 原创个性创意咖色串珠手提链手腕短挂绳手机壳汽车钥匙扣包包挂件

● ● ● ● ● ● ●

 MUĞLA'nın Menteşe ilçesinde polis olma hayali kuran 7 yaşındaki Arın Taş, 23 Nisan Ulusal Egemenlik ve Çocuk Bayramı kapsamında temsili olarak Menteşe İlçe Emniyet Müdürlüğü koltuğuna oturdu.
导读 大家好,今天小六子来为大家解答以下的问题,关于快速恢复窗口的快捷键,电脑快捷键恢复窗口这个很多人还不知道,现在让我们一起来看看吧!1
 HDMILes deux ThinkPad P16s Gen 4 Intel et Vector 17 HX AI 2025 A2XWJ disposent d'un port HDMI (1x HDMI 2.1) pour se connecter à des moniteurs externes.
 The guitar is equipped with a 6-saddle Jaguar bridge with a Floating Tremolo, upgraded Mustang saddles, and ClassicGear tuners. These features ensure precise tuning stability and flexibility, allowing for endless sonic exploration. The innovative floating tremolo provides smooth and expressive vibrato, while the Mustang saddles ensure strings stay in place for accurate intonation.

● ● ● ● ● ● ●

** Task objective **
After locating the line with "导读 大家好,今天小六子来为" above, return that line and every later line through the one with "HDMILes deux ThinkPad", word for word and with nothing else.

** Task output **
导读 大家好,今天小六子来为大家解答以下的问题,关于快速恢复窗口的快捷键,电脑快捷键恢复窗口这个很多人还不知道,现在让我们一起来看看吧!1
 HDMILes deux ThinkPad P16s Gen 4 Intel et Vector 17 HX AI 2025 A2XWJ disposent d'un port HDMI (1x HDMI 2.1) pour se connecter à des moniteurs externes.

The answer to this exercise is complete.